#### [Task to carry out]
The first line of the listing opens the range and the line with "REA Brady are" closes it; repeat those lines and all between them word for word, leaving out the pictures.

#### [Supplied records]
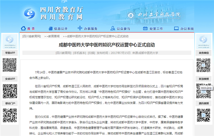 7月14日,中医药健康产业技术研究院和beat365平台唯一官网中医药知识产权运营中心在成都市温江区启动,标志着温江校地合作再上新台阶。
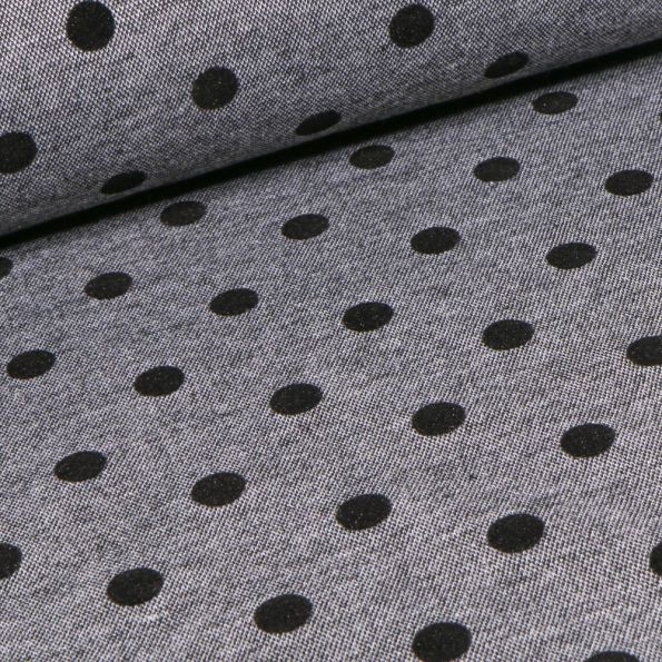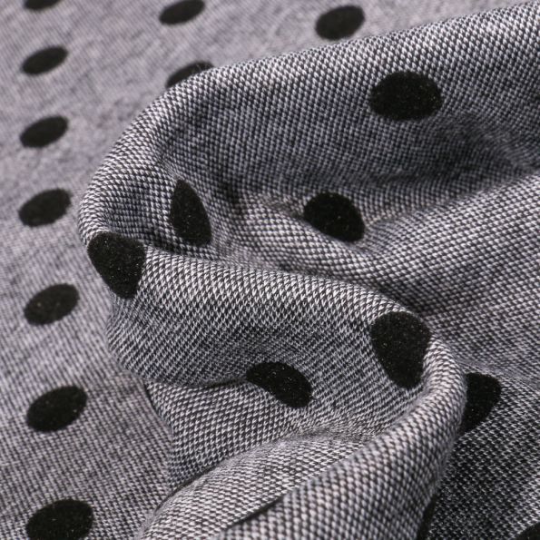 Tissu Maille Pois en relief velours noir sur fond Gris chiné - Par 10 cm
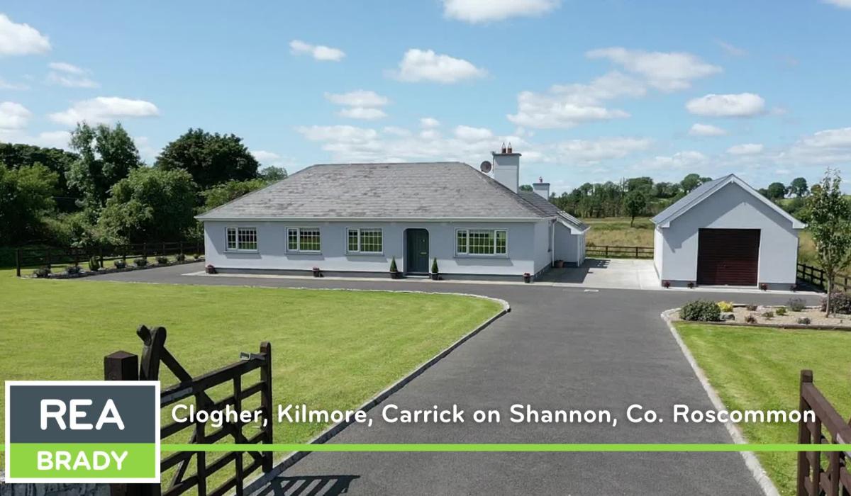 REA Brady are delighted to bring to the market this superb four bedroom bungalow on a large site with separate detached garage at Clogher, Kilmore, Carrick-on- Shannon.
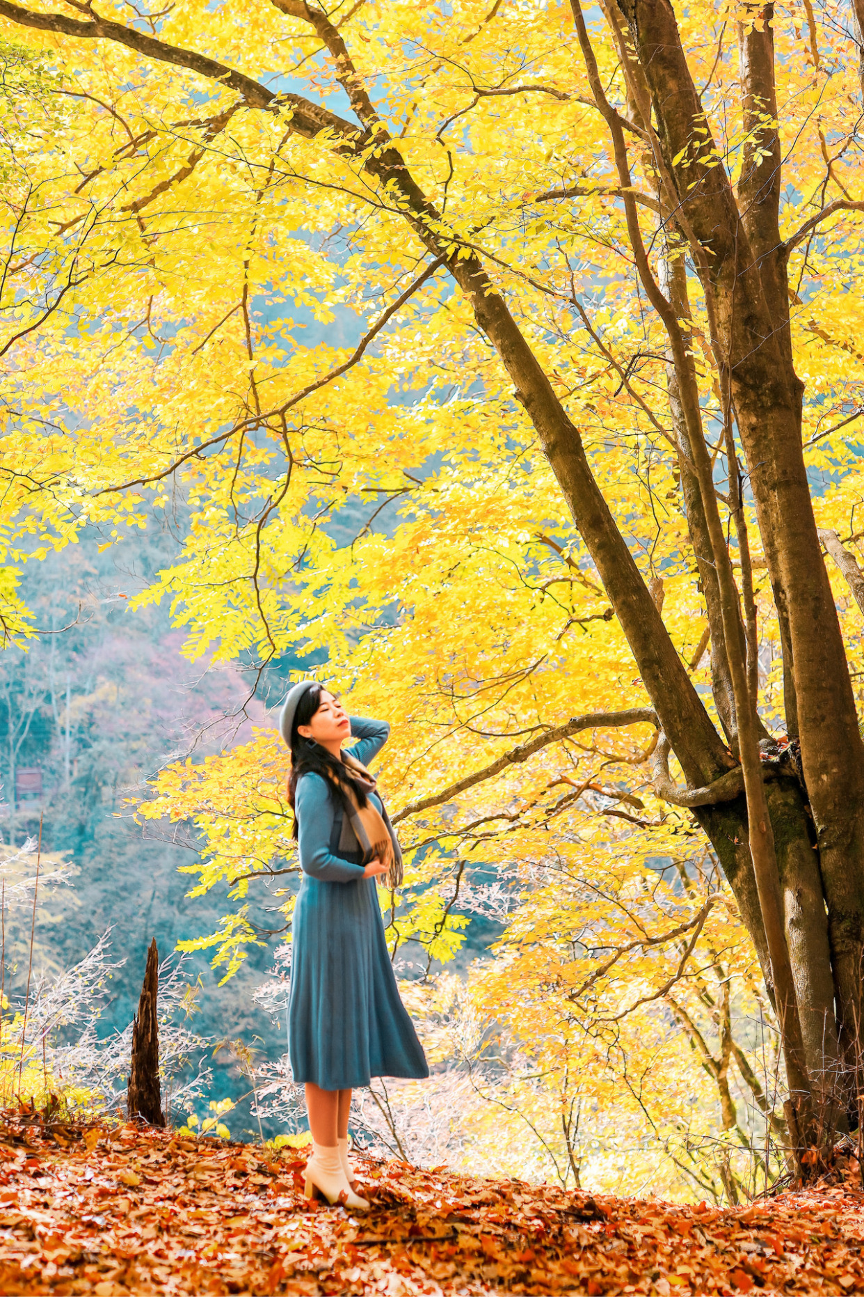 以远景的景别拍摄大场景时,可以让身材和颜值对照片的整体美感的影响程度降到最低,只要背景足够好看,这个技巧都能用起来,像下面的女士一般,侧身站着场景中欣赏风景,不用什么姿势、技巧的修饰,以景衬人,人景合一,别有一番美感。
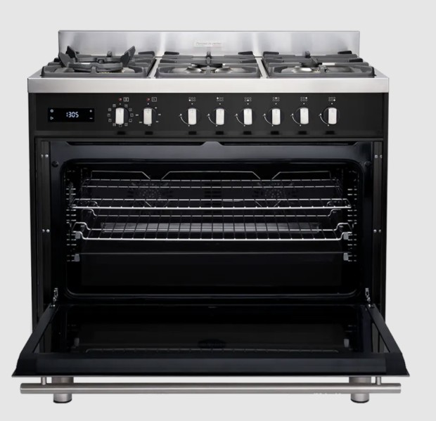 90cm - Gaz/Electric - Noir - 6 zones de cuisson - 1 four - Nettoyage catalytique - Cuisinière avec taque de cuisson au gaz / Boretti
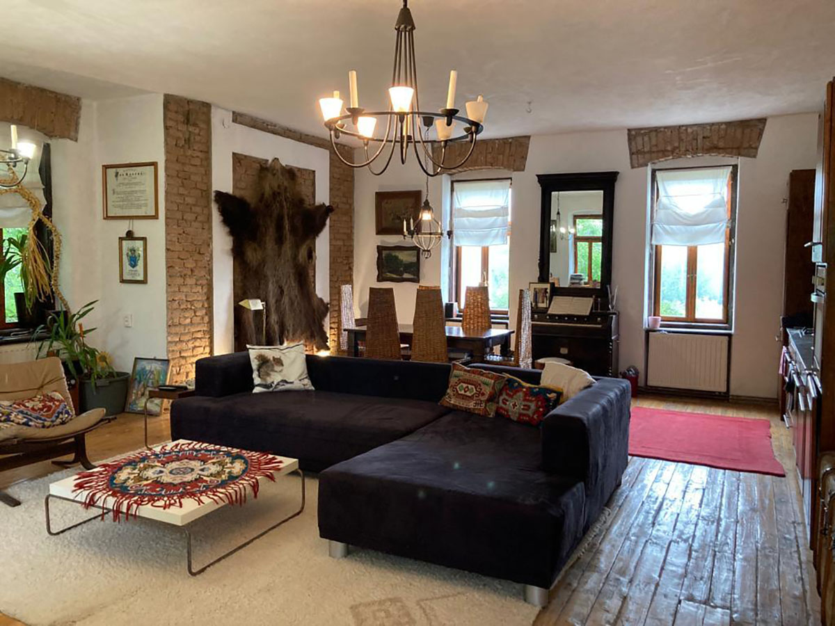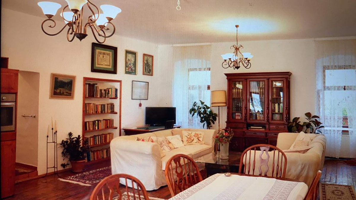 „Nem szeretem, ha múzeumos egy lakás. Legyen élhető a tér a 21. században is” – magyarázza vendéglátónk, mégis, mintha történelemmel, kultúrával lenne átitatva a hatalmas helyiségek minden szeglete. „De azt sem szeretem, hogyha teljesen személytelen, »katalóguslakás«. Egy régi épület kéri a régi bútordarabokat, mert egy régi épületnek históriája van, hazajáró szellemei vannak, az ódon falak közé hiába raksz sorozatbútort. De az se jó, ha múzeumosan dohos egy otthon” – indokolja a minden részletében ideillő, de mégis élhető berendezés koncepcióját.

#### [Answer to the exercise]
 7月14日,中医药健康产业技术研究院和beat365平台唯一官网中医药知识产权运营中心在成都市温江区启动,标志着温江校地合作再上新台阶。
 Tissu Maille Pois en relief velours noir sur fond Gris chiné - Par 10 cm
 REA Brady are delighted to bring to the market this superb four bedroom bungalow on a large site with separate detached garage at Clogher, Kilmore, Carrick-on- Shannon.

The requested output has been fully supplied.